There is a piece of kitchen advice that gets repeated so often it feels like settled fact. The claim is that you should never cook with olive oil, especially extra virgin olive oil, because heating it destroys the oil and even makes it harmful. People point to its smoke point, warn you to save it for salads, and reach for other oils the moment a pan gets hot. It sounds careful and health conscious, which is why it spread so widely. The trouble is that the science behind it is thinner than the confidence behind it. When researchers actually test this, olive oil holds up far better than its reputation suggests.
To sort this out, it helps to know what a smoke point really is. The smoke point is the temperature at which an oil starts to visibly smoke in the pan. It became the go to number for judging cooking oils because it is easy to see and easy to measure. But smoke point turns out to be a weak predictor of how an oil behaves and how healthy it stays under heat. An oil can smoke and still remain fairly stable, and another oil can stay quiet while breaking down faster inside. Judging a cooking oil by its smoke point alone is a bit like judging a car by how loud the engine is.
What actually matters is something called oxidative stability, which is how well an oil resists breaking down when exposed to heat, air, and time. When an oil breaks down, it forms compounds that are genuinely not great to eat in quantity, and that is the real concern hiding under the myth. So the useful question is not which oil smokes first, but which oil resists breaking down the longest. This is where the common advice gets the answer backward. Extra virgin olive oil is one of the more stable cooking oils under normal heat, not one of the fragile ones. Its chemistry protects it in ways the smoke point number completely fails to capture.

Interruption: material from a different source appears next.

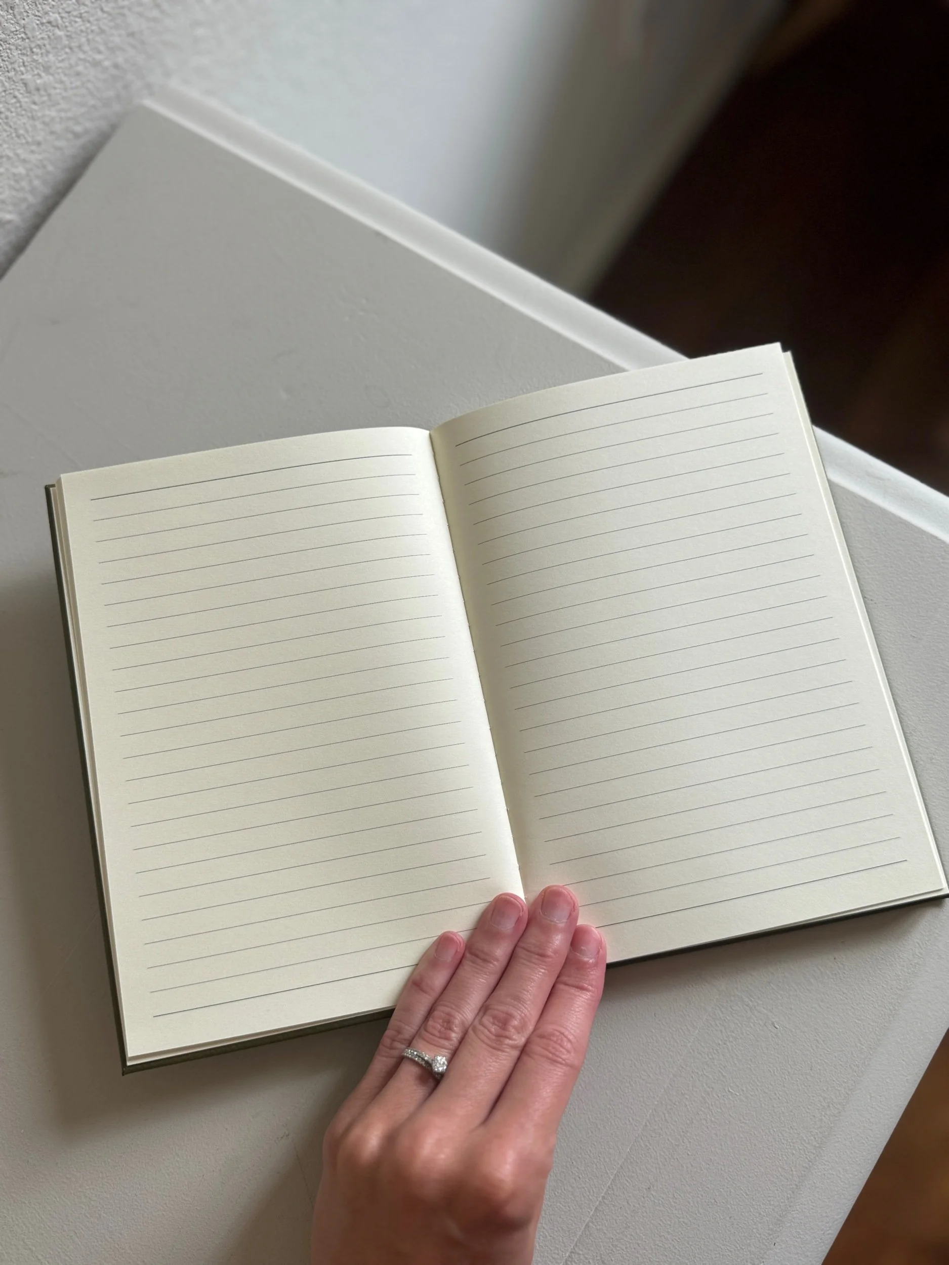 The pages are lined and the notebook measures 5.75 in x 8.25 in.

Two features make olive oil surprisingly tough in the pan. The first is that it is high in monounsaturated fat, which is more stable under heat than the polyunsaturated fat that dominates many seed oils. The second is that extra virgin olive oil is loaded with natural antioxidants and polyphenols, the same compounds that make it taste peppery and green. Those antioxidants act like bodyguards, absorbing damage and slowing the breakdown of the oil as it heats. Several studies that heated olive oil to normal cooking temperatures found it produced fewer harmful compounds than expected and held its structure well. The very things that make good olive oil expensive are the things that help it survive the stove.
None of this means olive oil is indestructible, and honesty matters here. If you push any oil to very high temperatures for a long time, it will eventually degrade, and olive oil is no exception. Deep frying at extreme heat for hours is genuinely hard on any oil, and there the conversation changes. But almost nobody cooks that way at home, where sauteing vegetables, roasting, and pan cooking sit well within olive oil's comfortable range. For everyday heat, the oil is not sitting on the edge of danger, it is doing fine. The myth takes a real but narrow limit and stretches it into a rule that does not fit how people actually cook.
So here is how to think about it at the stove. For most home cooking, from eggs to roasted vegetables to a quick sear, olive oil is a perfectly good and stable choice. If you want the strong flavor and the most antioxidants, use a good extra virgin oil, and accept that very high heat will mellow some of its taste. Save the truly high heat, long duration frying for an oil built for that specific job if you do it often. Store your oil away from light and heat, since a rancid oil that went bad in the cupboard is a bigger problem than one that got warm in a pan. Buy oil you will actually use before it ages, because freshness matters more than the smoke point ever did.
The lesson here reaches past olive oil. A tidy number like a smoke point feels scientific, so it spreads fast and hardens into a rule nobody questions. The fuller picture, oxidative stability and antioxidants and how people really cook, is less catchy and closer to the truth. Cooking with olive oil is not the mistake the internet made it out to be, and treating it as poison the moment it warms up was never supported by the evidence. Use the oil, enjoy the flavor, and keep your heat reasonable. The calm answer, as usual in the kitchen, turns out to be the correct one.